If you recall basic high school chemistry, you'll remember that some chemicals are neutral (a pH of 7.0), some chemicals are acidic (a low pH, under 7.0), and others are basic (a high pH, over 7.0).  

Barbecue cooks often use onions and chile peppers in rubs and mops, so they should know that the onions are acidic and chilies are (usually) basic.  Used together, they tend to neutralize each other.  (Whether this is good or bad depends on what the cook is trying to accomplish.)

Taste in the same exact way

Inexperienced judges fail to realize that the very way in which they taste barbecue meat affects the flavor of the meat.  For example, if a judge takes a small bite from one entry, chews it twice, swallows it and then thinks about the flavor, the judge will have an entirely different flavor sensation than if the judge takes a large bit from an entry, chews it six times, rolls it around with the tongue, and thinks about the flavor without swallowing the bite.  This means that entries which are not tasted the same way will not be scored consistently, even if the judge has developed the ability to taste barbecue.  Saying this another way, no judge, no matter how good, can award accurate taste scores unless the judge uses a consistent procedure to taste each entry.

There are several different methods of tasting which are used and which allow the judge to taste an entry and to score it accurately.  One exceptionally good procedure is set out below.

Procedure for tasting and scoring

This is one exceptionally good way to learn how to taste and score an entry.  The judge who uses this system emphasizes that it is his system but not the best system.  So, consider adapting this system as your own if you are looking for a system.
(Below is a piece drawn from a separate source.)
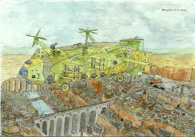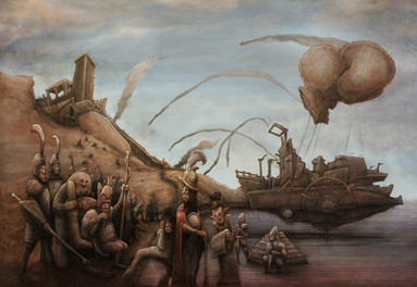#adobe #airship #bell #blimp #california #clouds #dali #desert #fantasy #floating #flying #giger #helmet #mission #monks #red #riders #roof #surreal #tower #trees #zeppelin #leothefox

  • Pick up the portion with your left hand (keep your right hand clean for writing and handling the score card, water bottle, etc)
  • Smell it from one side to the other, trying to sense the odor of smoke, herbs, spices
  • Take a small bite.  Always take a bite from the same part of the meat.  For example, if sampling a chicken, try if possible to sample the same type and area of meat -- breast meat without skin, thigh meat, etc.  Or if sampling brisket, try to sample the end of a slice with some bark.  In other words, try to be consistent.  (Note that you are not comparing the taste of one entry with another.  The purpose of trying to sample the same area of meat is to develop a taste which is consistent.)
  • Before chewing, roll the bit around with the tongue and think about tastes in the following order:  salty, sweet, bitter, sour, smoky, spicy, tangy (acidic).
  • Now chew it slowly four times (two on the left side, two on the right), and think about about tastes in the regular order:  salty, sweet, bitter, sour, smoky, spicy (basic), tangy (acidic).
  • Put a pencil dot for each defect that you can taste.  Make each dot worth one-third of a point.  For example, a little too much salt gets one dot, and not enough smoky taste gets another.  
  • Score the entry, rounding the number of dots.  So 2 dots equals a 2/3 point deduction, so the entry would receive a score of 8 1/3.  KCBS requires whole numbers, so this score rounds to 8.